Beverly Greenhouses compte un quart de travailleurs de la région et trois quarts de travailleurs saisonniers mexicains, de sorte que l’accès à la main-d’œuvre est une grande priorité. Sans les travailleurs étrangers, qui sont nombreux à travailler pour les VanderHout depuis des années, l’entreprise n’aurait pas pris autant d’expansion – et toute expansion future serait impossible.

La multiplication des règlements environnementaux, conjuguée à ce que Jan appelle une « mentalité toujours plus axée sur l’application de la loi », représente aussi un défi.

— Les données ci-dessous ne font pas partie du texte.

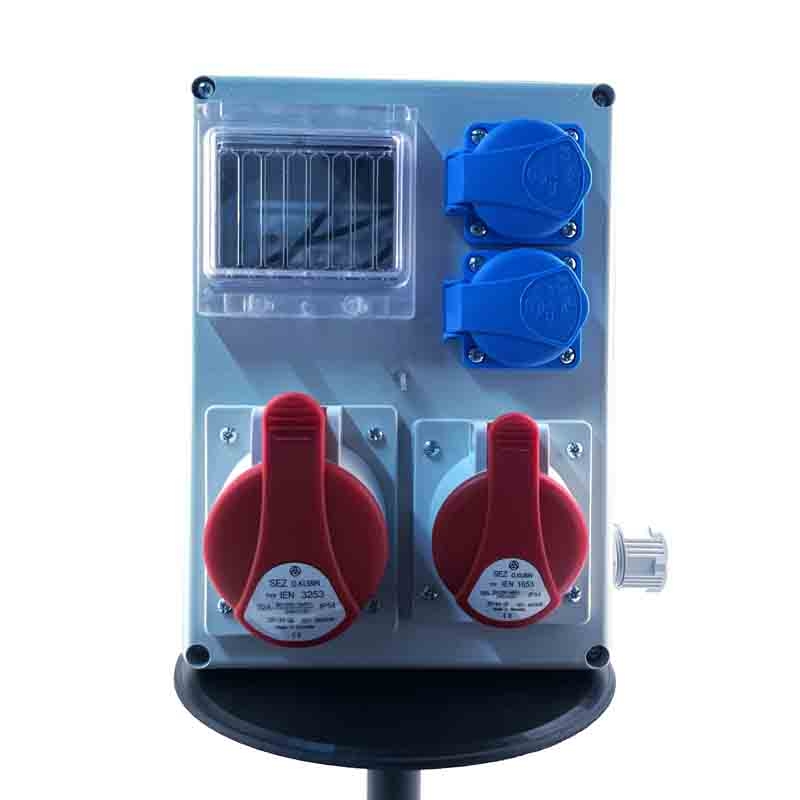 Zásuvková rozvodnica 1xIEN 3253+1xIEN1653+2x230V - ROS-I 1603A. Rozvodnica je určená ako súčasť pevného prívodu v obyčajnom vnútornom i vonkajšom prostredí v rozmedzí teplôt od -25 ° C do + 40 ° C. Možno ju využiť v priemyselných rozvodoch, na staveniskách, a pod.
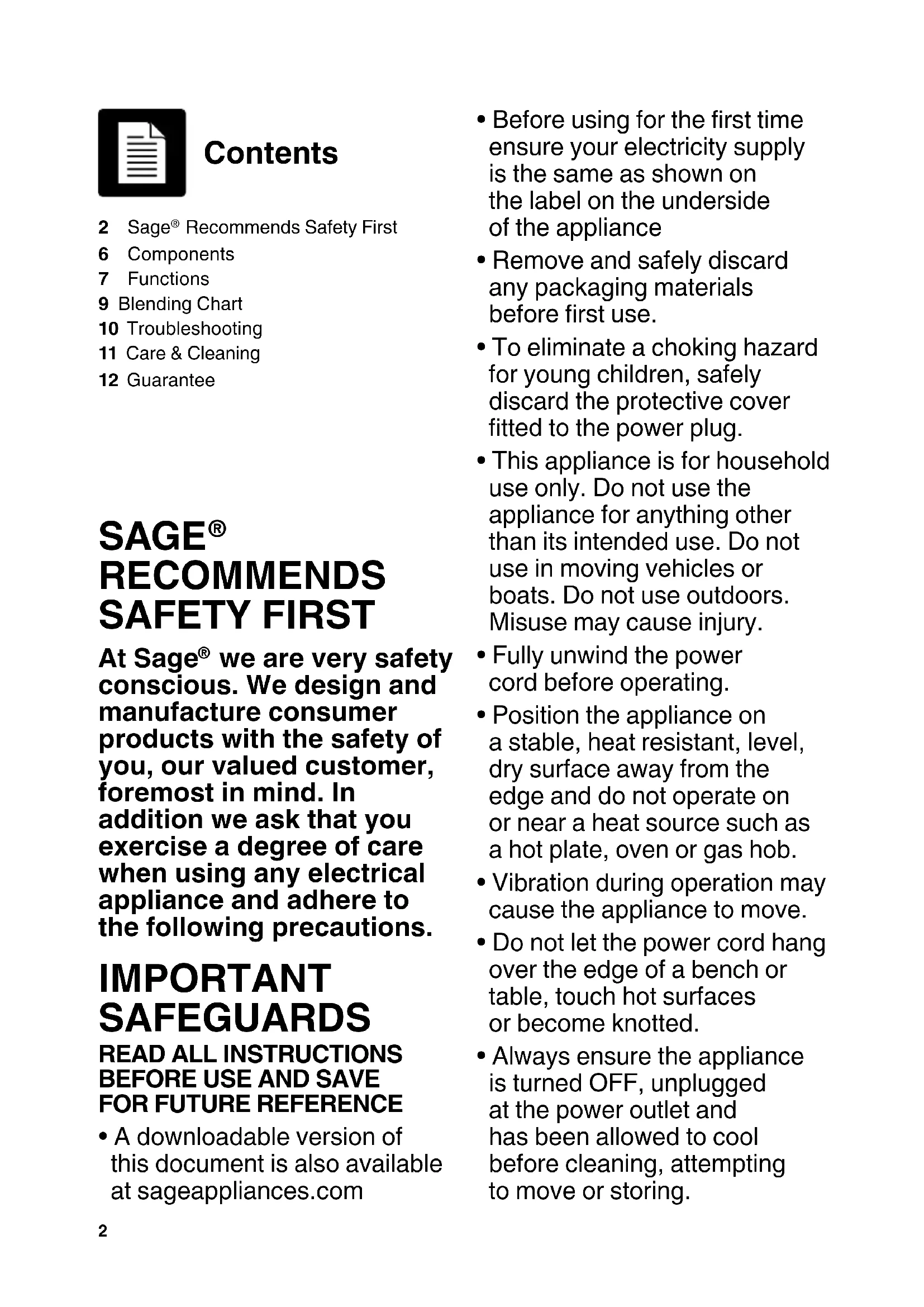 - Always ensure the appliance is turned OFF, unplugged at the power outlet and has been allowed to cool before cleaning, attempting to move or storing. 2 Sage Recommends Safety First6 Components7 Functions9 Blending Chart10 Troubleshooting11 Care & Cleaning12 Guarantee Contents3

Étant donné que 80 % de la production de légumes de serre de l’Ontario est destinée aux États-Unis, le flux des échanges transfrontaliers est crucial. Mais cela crée aussi des débouchés presque illimités, d’autant plus que le marché chinois commence à s’ouvrir aux fruits et légumes de serre de l’Ontario.

Il faut seulement une quinzaine d’heures en avion-cargo à atmosphère contrôlée pour qu’un concombre de serre de l’Ontario arrive sur le plus grand marché de consommation au monde, où les produits canadiens sont très prisés.

« La possibilité d’accroître la production est extraordinaire vu les perspectives que nous offre ce marché, se réjouit Jan. La Chine représente notre débouché le plus prometteur, et nous avons tout intérêt à développer ce marché pour protéger notre potentiel commercial. »

Les VanderHout envisagent l’avenir à long terme avec optimisme. « Sans faire de jeu de mots, nous espérons continuer à “cultiver” notre réussite commerciale », dit Jan, sourire en coin.

D’après un article de l’AgriSuccès (mars 2019) par Lilian Schaer.